Thursday, August 6, 2009

Back to School Back to School (to prove to dad I'm not a fool).

This week has been exhausting and exciting, all at once. We started back on Monday at school and have been having all sorts of teacher fun ever since. When you're a kid, you think the school revolves around you - you never would think that the teachers would be at school a week before you and on scattered days during the school year. Yet it is true - although I like to this that this is the weaning process from summer break for me. I've been getting up at about oh... noon most days in July (after an exhausting June) and staying awake until about midnight or later. Now suddenly I am waking up at 7, meaning I need to go to bed at 10. Next week, I'll wake up at 6 - so a 9pm bedtie I suppose. I need my sleep, after all.

This school year is going to be interesting. We're changing to block schedule. Now, I've taught on block but it was a bit different then. We had four classes in the fall and four in the spring. I didn't like that style for AP kids but for others it was fine. Here, we're doing an "AB" block (as opposed to a 4X4). The kids have A days (MW schedule) and B days (TR schedule) with four classes each. Fridays alternate - you could have an ABABA week then an ABABB week. If you don't think that kids are going to be wandering around trying to figure out where to go for the first few weeks, you haven't been to my school! Personally for me, trying to adapt to figuring out teaching on different days should be hard enough - because, for example, I could get two days ahead with my A kids because we'd meet Wednesday, Friday, and Monday. My B kids would get the information that my A kids got Friday on Tuesday, putting them behind. They'd catch up with the next Friday but still.

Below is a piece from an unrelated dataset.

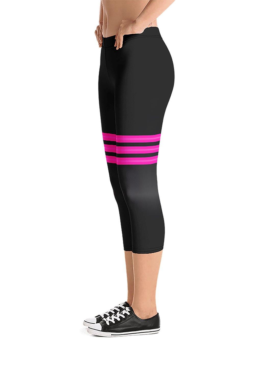 Triple Pink Stripes Black Capri Leggings - For this artwork, we chose black as the main color of the leggings which is a gradient design that transitions from rich black to dark grey then to the same rich black tone. Then horizontally across the thighs, we created 3 stripes, each stripe has a gradient design that transitions vertically from hot pink to a regular pink shade then to the same hot pink tone. These stylish capri leggings are perfect for the girls who love to mix dark colors with vivid/bright color tones, put them on and stand out in the crowd.
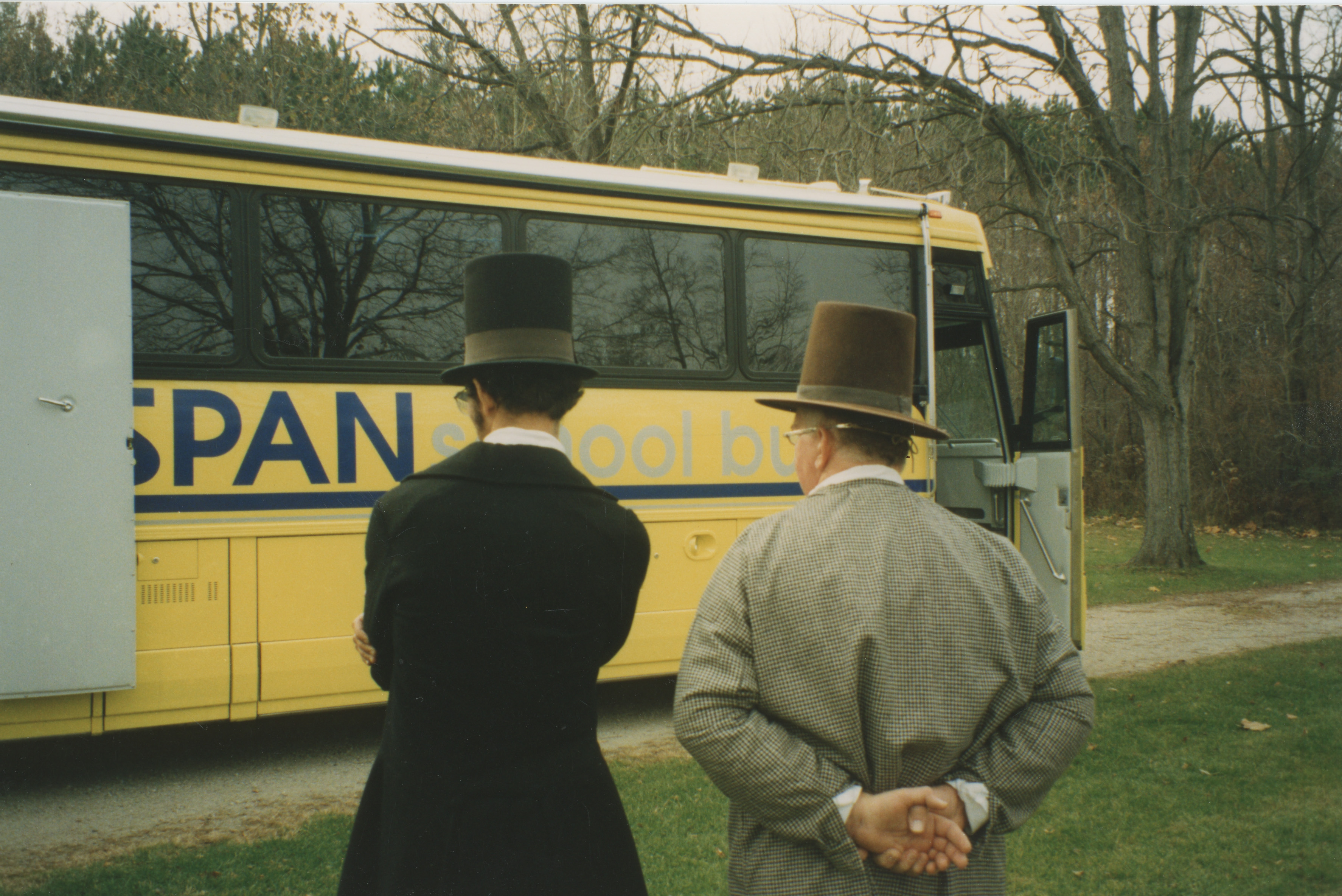 Two people in 19th-century period costume stand in front of the C-SPAN School Bus with their backs to the camera. This photograph was taken as part of filming C-SPAN's Lincoln-Douglas Debates series in Charleston, Illinois.

Another challenge is that instead of having a 50 minute planning period every day, now we have a 90 minute one every other day. I have planning on MW2 so I'll have planning three days one week and then two the next. While the planning is longer, you're getting less time per week and you have days you don't get a break at all. I don't want to seem like I am complaining because I know that we're lucky to get what we get but I get to school at 6:45- kids start coming into the classroom at 7. I get 20 minutes for lunch and if I don't plan that day, my lunch will be my only break until 2:30 (maybe 3:30 if I am tutoring that day or having a meeting). During my "lunch" period, I'll have to go to the bathroom (always a long line) and run whatever errands have been accrued for the day. The days without planning will be stressful to say the least. I don't know any other profession where someone with a Master's degree has to hold their bladder until their lunch break. Oh and also the other interesting part is that on those days we DO have planning, odds are, we'll get asked to cover a portion of someone else's class who had to leave and couldn't get a sub. So even less time. Or our planning will be used for meetings (every monday for me). Our union rep. says that it is legal in TN though, that we're meeting the basic requirements for planning period time per week.

The highlight of my week, though, was seeing my students on Tuesday. We had registration and many of them came by to see me. They are big bad sophomores now and so many of them looked so grown up! They were all so sweet, coming in to say hi. I really am going to miss that first batch of "my kids" and am nervous about having to get to know another group all over again. Even the student that was runner up for most pain in the butt came by and made me smile.

As I get deeper and deeper into the world of education, the more intrigued I am about educational policymaking. I feel that there are many things wrong with our educational system, included but definitely not limited to a lack of support from the public (at least in Memphis), a barrage of reforms that are not given the time to actually make a difference before the next reform comes rolling in, the amount of paperwork and mundane tasks given to teachers, taking away from their real job - the students, a "one size fits all" outlook on education... I could go on.

One initiative I am very excited about that has come from Memphis City Schools this year is increased Pre-K opportunities for our students. Many of our students start on a much lower playing field than others coming into kindergarten simply because their home life was not conducive to intellectual growth. Research is showing that most of the brain growth for children is done in the first years of their lives - by 4, 80% of their brain will be developed. By 5, 90 % will be developed. If those connections are not utilized, they die off. So while a student with a support network at home, with parents who are educated and motivated, is being read to, is playing with building blocks, is putting the shapes in the right hole, a student with a poor home life might be sitting in a dark room with the TV as a babysitter - or worse. This isn't a race thing for us, I believe it is an economic thing. While most of the students who come into schools in Memphis underprepared are African American, if you look at the patterns, the ones who come in underprepared are impoverished. I have white kids that come just as unprepared and are just as poor. I have African American students who could read at 4. I believe it is all about the economic status.

With these Pre-K programs opening (there are new ones all over the city), students below the poverty line qualify for these free programs that will give them a chance to catch up to their peers. I feel that if we want to improve test scores and literacy rates, this is the place to start. Get them while they are young and invest in them.

I'm always glad to share the GOOD of Memphis City Schools. It is easy to get caught up in the bad, the negative, the frustrating. I've got to remember to see the bigger picture.